I hope that Larry wants the downtown and the city to thrive, as he stated in his column, but claims don't supersede acts. When you add to the negative perception of downtown using flawed comments and you fail to put into perspective the fears people have of downtown and OTR, you feed the beast. When you provide no suggestions for improvement, you look like you are enjoying the perceived decline.

I am embarrassed that people who have lived here longer than I have refuse to maintain a positive attitude and look at change not as a negative, but instead as what we need. You can't go home again Larry. Your old Cincinnati died 30 years ago. Join us in building a new Cincinnati.

Real or Fake, Certainly Irrelevant

I don't know if this email is real or fake, but it should be ignored by the powers that be, or what ever "movers and shakers" received it in the first place. One person is pissed off, big fucking deal. One person has a bad experience in any city and you don't go and change everything you are doing as a government or as a community.
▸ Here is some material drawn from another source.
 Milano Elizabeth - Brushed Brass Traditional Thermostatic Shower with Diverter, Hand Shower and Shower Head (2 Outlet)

If you assume for moment she is real, then she has a huge preconceived notion of Cincinnati or of the United States in general. She reads like she got a handout from a boycott activist.

Her ignorance is clear in her original email.
We decided to watch the local news each day. From doing so, one might never know that Cincinnati's population is 47% Black, as we learned on the internet before choosing to visit. We saw one Black reporter on each of two stations, but watched many reports on Black people being arrested for drugs in a place called OTR.
She obviously doesn't know the difference between the racial breakdown of the City proper and the Metro Area of Cincinnati. Sure, 47% is a possible number for the City, but not one I could find on the Internet, but the TV market reaches an area where blacks are less than 12% of the population. If she is going to play a quota game, then play it fairly. Also, how many folks from Canada are quick to pick up on the "OTR" abbreviation? I would be surprised if a anchor on local news is calling Over-the-Rhine "OTR," but you never know.
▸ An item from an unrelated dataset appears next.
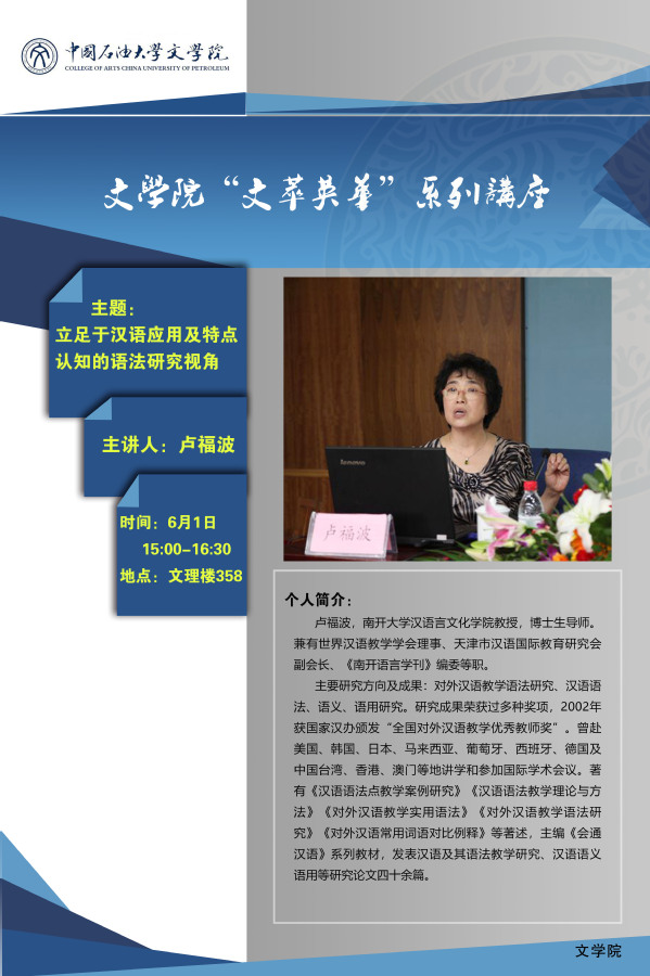 【学术讲座预告】立足于汉语应用及特点认知的语法研究视角

As a sidenote, if she is indeed an activist trying to stir up a little trouble, I wonder if she thought about following the boycott? Oh, wait, that's been over for a while now, and last week Al Sharpton appeared at the new Convention Center just to make it official.

The Cincinnati Metro Area still has a great many racial problems, but this lady's observations are trivial/anecdotal at best, and faked at worst.